Testing through the Ambry SEQUENCE: Dyskeratosis Congenita identifies mutations in 45-50% of patients as detailed in the table in the previous section (clinical sensitivity). Approximately 99% of described mutations in the analyzed regions are detectable for six of the seven genes (DKC1, TINF2, TERT, NHP, NOP, WRAP53); for TERC the analytic sensitivity is 90%.
Blood: Collect 3-5 cc from adult or 2 cc minimum from child into EDTA purple-top tube (first choice) or ACD yellow-top tube (second choice). Store at room temperature or refrigerate. Ship at room temperature.

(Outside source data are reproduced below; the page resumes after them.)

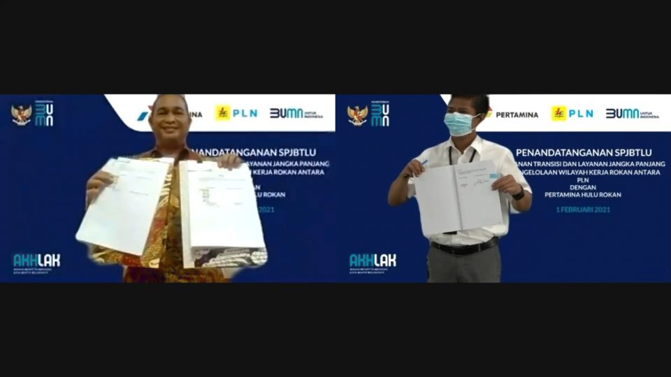 Penandatanganan dilakukan secara daring oleh General Manager PLN Unit Induk Wilayah Riau dan Kepulauan Riau, Dispriansyah bersama Presiden Direktur Pertamina Hulu Rokan, Yudantoro serta disaksikan Kepala Divisi Pengelolaan Aset SKK Migas, Achmad Riad, Direktur Bisnis Regional Sumatera dan Kalimantan PLN, Wiluyo Kusdwiharto dan Direktur Utama Pertamina Hulu Energi, Budiman Parhusip secara virtual pada Senin (1/2).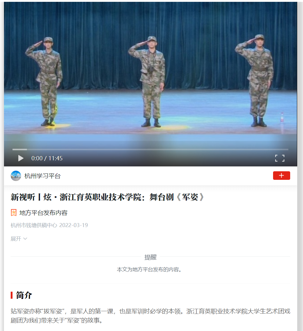 【学习强国】新视听丨炫·浙江育英职业技术学院:舞台剧《军姿》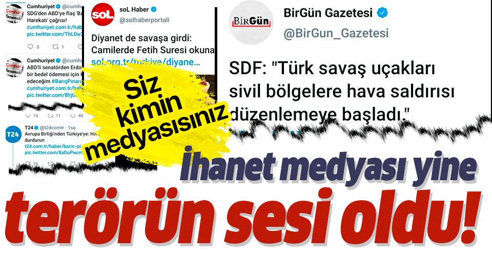 Türkiye Fırat’ın doğusunda kurulmak istenen terör koridoruna ölümcül darbeyi vuracak olan Barış Pınarı Harekatı’nı Başkan Erdoğan’ın emri ile başlattı. Operasyonun başlamasının ardından sol basın terör örgütünün sözcülüğüne soyundu. Terör örgütünün "siviller vuruluyor" yalanıyla birlikte başlayan algı oyunları BirGün Gazetesi, Sol Haber, Cumhuriyet Gazetesi ve T24 üzerinden servis edilmeye başlandı..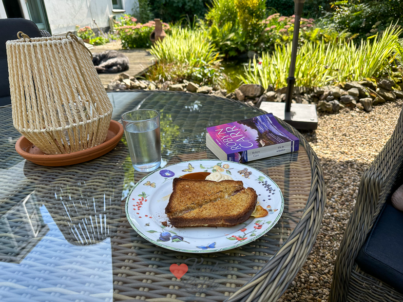 Het weekend zit er weer op, de wekker gaat vroeg. Als iedereen de deur uit is begin ik mijn werkdag op kantoor achter de computer met cappuccino. Ik schrijf onder andere een groot deel van dit Kijkje voor morgen en het artikel voor woensdag maak ik af en plan ik in. Morgen en woensdag heb ik twee kookdagen en dan is het fijn als ik ’s ochtends op tijd kan beginnen. Tussen de middag eet ik een tosti die ik buiten in het zonnetje nuttig. Wat een cadeautje dit mooie weer, daar moeten we nog even van genieten! Eind van dit middag maak ik courgettesoep voor het avondeten. Die krengen in de moestuin blijven maar groeien. Ik serveer de soep met verkruimelde, krokant gebakken bacon en kaascroutons uit de oven.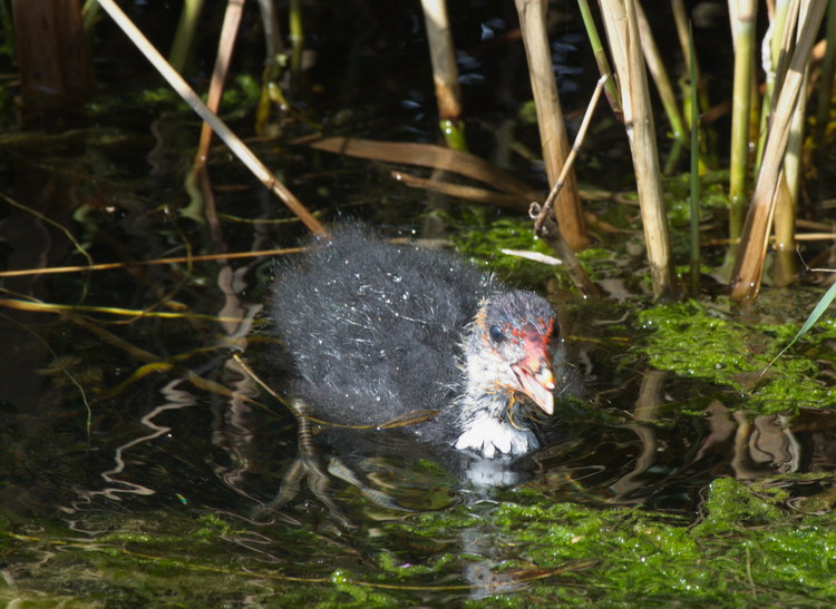 2. 7. 2010. Mecklenburg-Vorpommern. Feldberger Seenlandschaft. Carwitz. Fauna. Tiere. Vogel. Vögel. Blässhuhn (Fulica atra) , auch Blässhuhn. Familie: Rallen. Küken. Wasservogel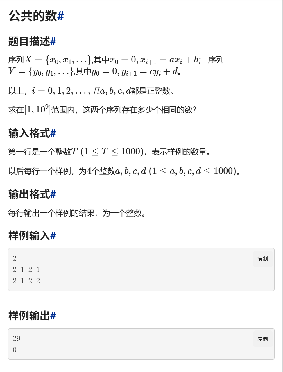 ,这是因为题目要求公共的数在[1,109]之间,这里N我提前设置好了为109,什么时候我们可以提前终止循环,当cy>N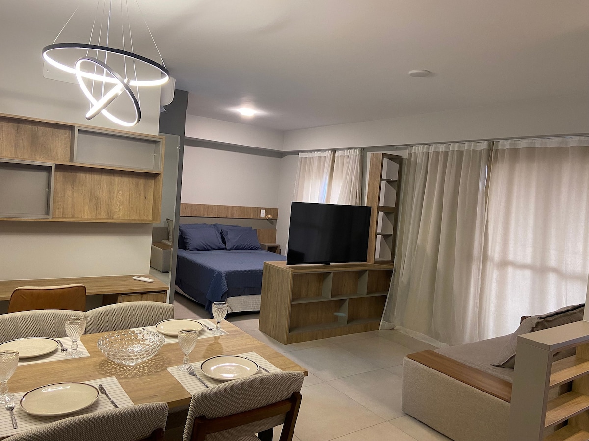 O Studio oferece uma experiência aconchegante e uma localização privilegiada. Com acesso fácil para a Agrishow e fica a apenas 3 minutos do Ribeirão Shopping. Possui um 1 cama Queen e uma bicama, além de uma TV de 55' com acesso ao Netflix com login do hóspede. Conta com 1 banheiro, sala, cozinha, área de serviço equipadas e ar-condicionado, além de 1 vaga de estacionamento. O hall de entrada é lindo e a área de lazer completa inclui sala de jogos, sala de relaxamento/sauna e piscina.

Blood Spot: Call for availability.
Saliva: Collect 2 ml into OrageneTM DNA Self-Collection container. Store and ship at room temperature.

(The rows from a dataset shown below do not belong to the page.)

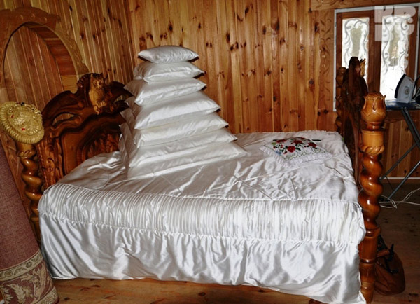 Внучка Деда Мороза ведет нас на второй этаж в спальню. У него там большая резная кровать, застеленная белым покрывалом, да семь подушек, сложенных горкой. В углу висят синие, голубые и красные шубы. В этом году дедушка заказал еще парочку, теперь у него несколько сменных синих и красных шуб. А сбоку на вешалках - осенние и весенние костюмы да летние брюки и кафтан.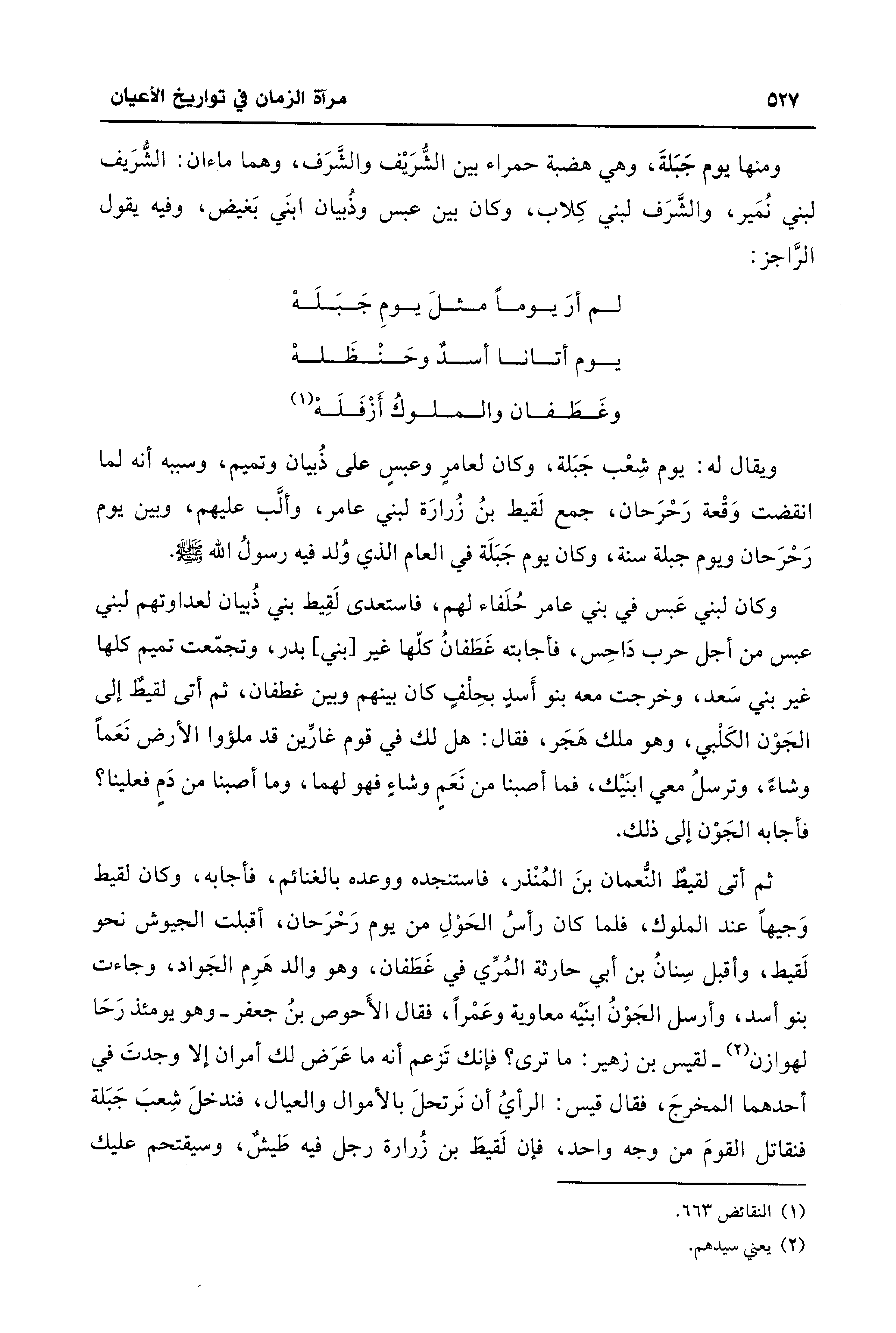 ومنها يوم جَبَلةَ، وهي هضبة حمراء بين الشُّرَيْف والشَّرَف، وهما ماءان: الشُّرَيف لبني نُمَير، والشَّرَف لبني كِلاب، وكان بين عبس وذُبيان ابنَي بَغيض، وفيه يقول الرَّاجز: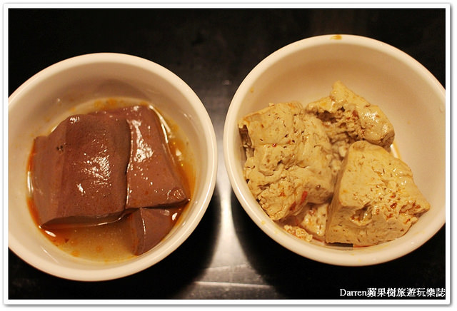 等待鍋物煮熟的時間可以先吃他們家的鴨血和滷豆腐,添上一碗白飯整個很下飯先墊胃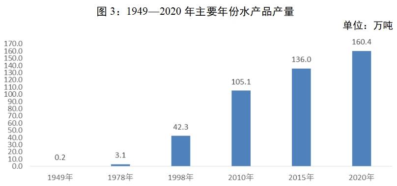 2.水产品产量快速增长。2020年全省水产品产量160.4万吨,比1949年增加160.2万吨,比1978年增加157.3万吨,年均增长9.9%。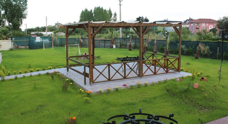 Сам отель маленький, темный, тесный, ну как почти все трешки в Турции. Территория маленькая, развлечений для детей кроме лягушатника нет. Позади здания есть газончик с одним гамаком, который наша малявочка приняла за качельку. Под палящим солнцем там делать нечего.

DNA: Send 20 μg in TE at 50-100 ng/μl. Store frozen and ship on ice or dry ice.
Prenatal: Prenatal testing is available for the indication dyskeratosis congenita. Please call an Ambry Genetic Counselor to discuss your case.
| Test Code | Technique | CPT Codes |
|---|---|---|
| 1960 | DKC1 Gene Sequence Analysis | 83891x1, 83894x16, 83898x15, 83904x30, 83909x30, 83912x1 |
| 1980 | TINF2 Gene Sequence Analysis | 83891x1, 83894x2, 83898x1, 83904x2, 83909x2, 83912x1 |
| 2120 | TERC Gene Sequence Analysis | 83891x1, 83894x2, 83898x1, 83904x2, 83909x2, 83912x1 |
| 2140 | Step 3 Only (TERT Gene Sequence Analysis) | 83891x1, 83894x20, 83898x19, 83904x38, 83909x38, 83912x1 |
| 5160 | WRAP53 (TCAB1)- Gene Sequence Analysis | 83891x1, 83894x11, 83898x10, 83904x20, 83909x20, 83912x1 |
| 8160 | DC Steps 1-3 Reflex Option to DKC1, TINF2, TERC, NHP2, NOP10, TERT | 83891x1, 83894x39, 83898x38, 83904x75, 83909x76, 83912x3 |
| 8161 | DC Steps 1-3 Concurrent to DKC1, TINF2, TERC, NHP2, NOP10, TERT | 83891x1, 83894x39, 83898x38, 83904x75, 83909x76, 83912x3 |
| 8162 | Step 1 only (DKC1, TINF2 Exon 6, TERC) | 83891x1, 83894x18, 83898x17, 83904x34, 83909x34, 83912x1 |
| 8163 | Step 1 and Step 2 (DKC1, TINF2, TERC, NHP2, NOP10) | 83891x1, 83894x20, 83898x19, 83904x38, 83909x38, 83912x2 |
| 8164 | Step 2 only (NHP2 exon 4, NOP10 exon 2) | 83891x1, 83894x3, 83898x2, 83904x4, 83909x4, 83912x1 |
| Technique | Days |
|---|---|
| DKC1 Gene Sequence Analysis | 10-21 |
| TINF2 Gene Sequence Analysis | 7-14 |
| TERC Gene Sequence Analysis | 7-14 |
| Step 3 Only (TERT Gene Sequence Analysis) | 10-21 |
| WRAP53 (TCAB1)- Gene Sequence Analysis | 10-21 |
| DC Steps 1-3 Reflex Option to DKC1, TINF2, TERC, NHP2, NOP10, TERT | 10-49 |
| DC Steps 1-3 Concurrent to DKC1, TINF2, TERC, NHP2, NOP10, TERT | 10-28 |
| Step 1 only (DKC1, TINF2 Exon 6, TERC) | 14-21 |
| Step 1 and Step 2 (DKC1, TINF2, TERC, NHP2, NOP10) | 14-35 |
| Step 2 only (NHP2 exon 4, NOP10 exon 2) | 7-14 |
1 Kirwan M, Dokal I. Clin Genet. 2008;73:103-112.
2 Vulliamy TJ, Marrone A, et al. Blood. 2006;107:2680-2685.
3 Walne AJ, Vulliamy T, et al. Hum Mol Genet. 2007:16:1619-1629.
4 Walne AJ, Vulliamy T, et al. Blood. 2008;112:3594-3600.
5 Savage SA, Giri N, et al. Am J Hum Genet. 2008;82:501-509.
6 Marrone A, Walne A, et al. Blood. 2007;110:4198-4205.
7 Vulliamy T, Beswick R, et al. Proc Natl Acad Sci. 2008;105:8073-8078.
8 Zhong F, Savage SA, et al. Genes Dev. 2011;25:11-16.